Data extract: Begin
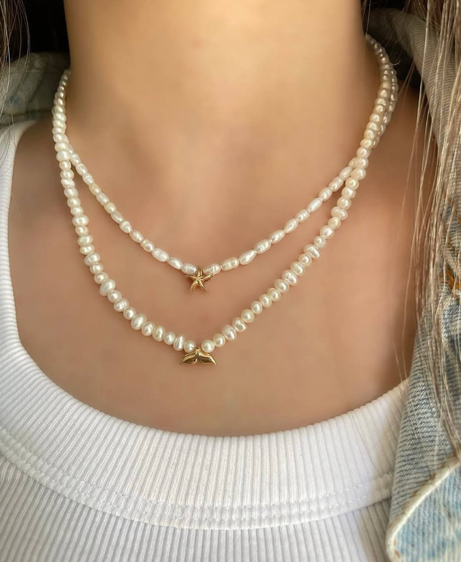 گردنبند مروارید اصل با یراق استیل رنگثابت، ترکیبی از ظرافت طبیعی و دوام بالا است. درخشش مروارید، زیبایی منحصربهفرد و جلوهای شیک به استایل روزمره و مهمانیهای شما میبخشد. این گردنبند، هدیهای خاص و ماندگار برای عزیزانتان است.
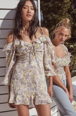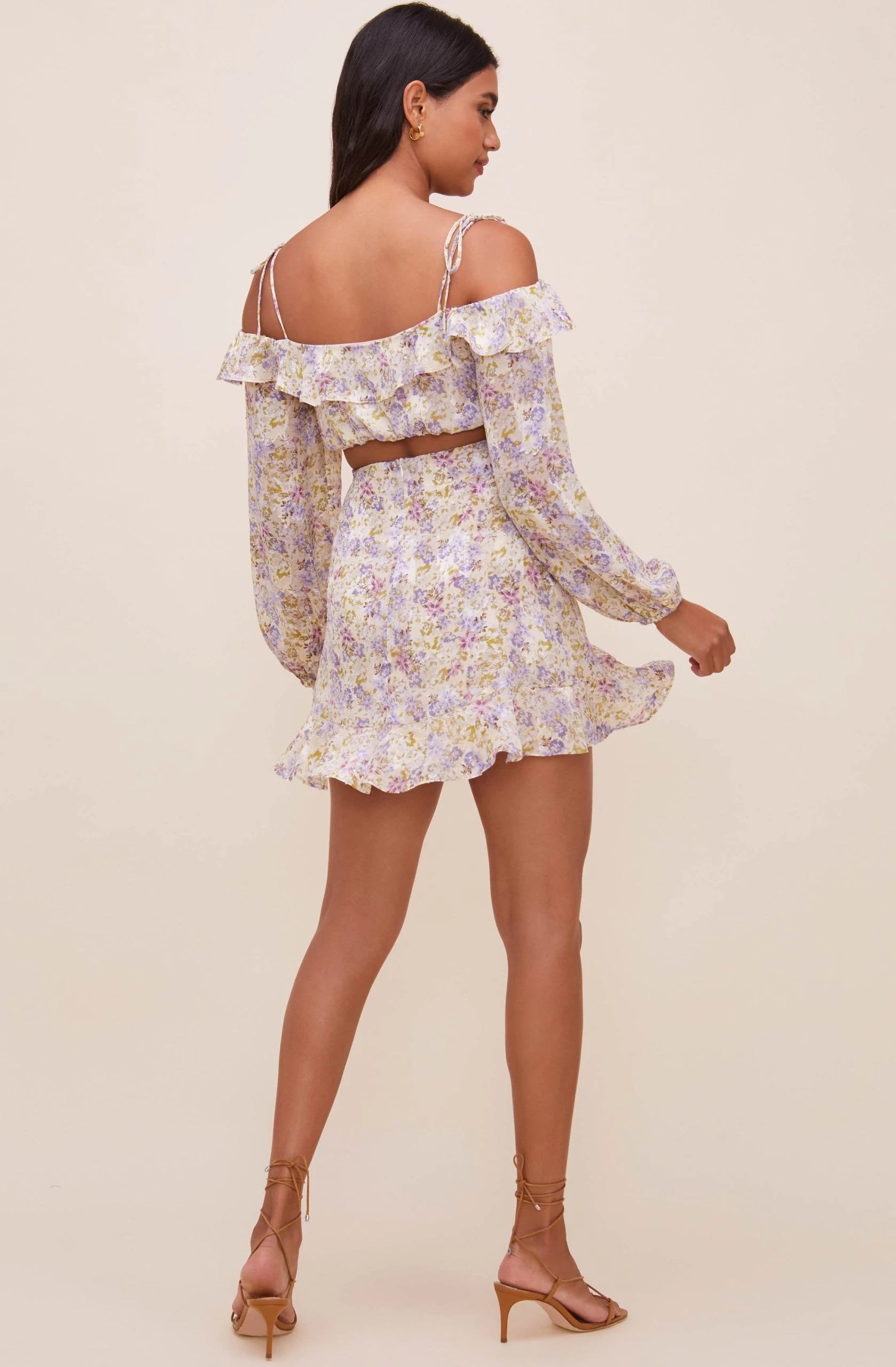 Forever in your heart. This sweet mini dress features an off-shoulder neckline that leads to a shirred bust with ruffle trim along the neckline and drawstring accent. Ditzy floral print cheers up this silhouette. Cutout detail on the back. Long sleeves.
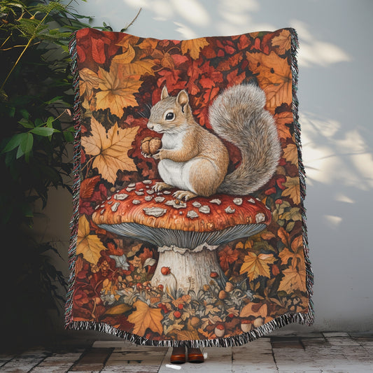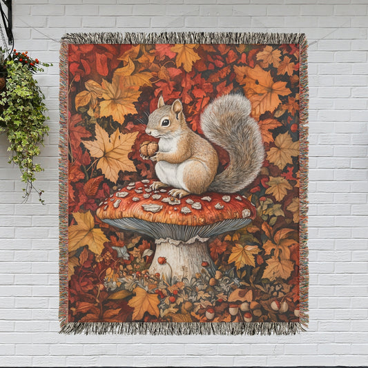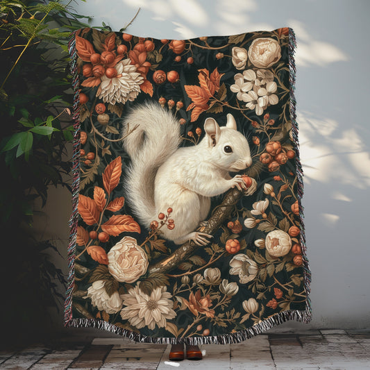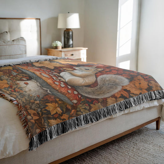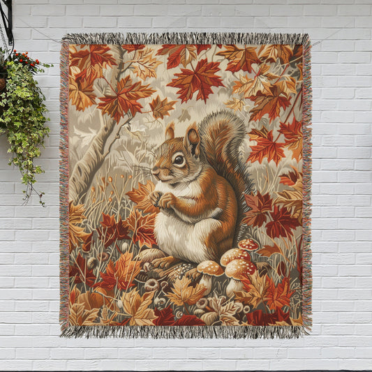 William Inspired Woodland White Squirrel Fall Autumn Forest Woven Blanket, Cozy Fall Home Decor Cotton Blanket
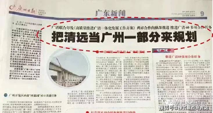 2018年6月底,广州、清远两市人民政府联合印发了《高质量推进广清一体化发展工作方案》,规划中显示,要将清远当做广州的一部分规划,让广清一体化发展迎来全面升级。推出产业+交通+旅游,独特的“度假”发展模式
Data extract: End
Problem >> Only the lines from the top of the material through the line containing "Forever in your" should be written out, exactly and without pictures.

Task result >>
 گردنبند مروارید اصل با یراق استیل رنگثابت، ترکیبی از ظرافت طبیعی و دوام بالا است. درخشش مروارید، زیبایی منحصربهفرد و جلوهای شیک به استایل روزمره و مهمانیهای شما میبخشد. این گردنبند، هدیهای خاص و ماندگار برای عزیزانتان است.
 Forever in your heart. This sweet mini dress features an off-shoulder neckline that leads to a shirred bust with ruffle trim along the neckline and drawstring accent. Ditzy floral print cheers up this silhouette. Cutout detail on the back. Long sleeves.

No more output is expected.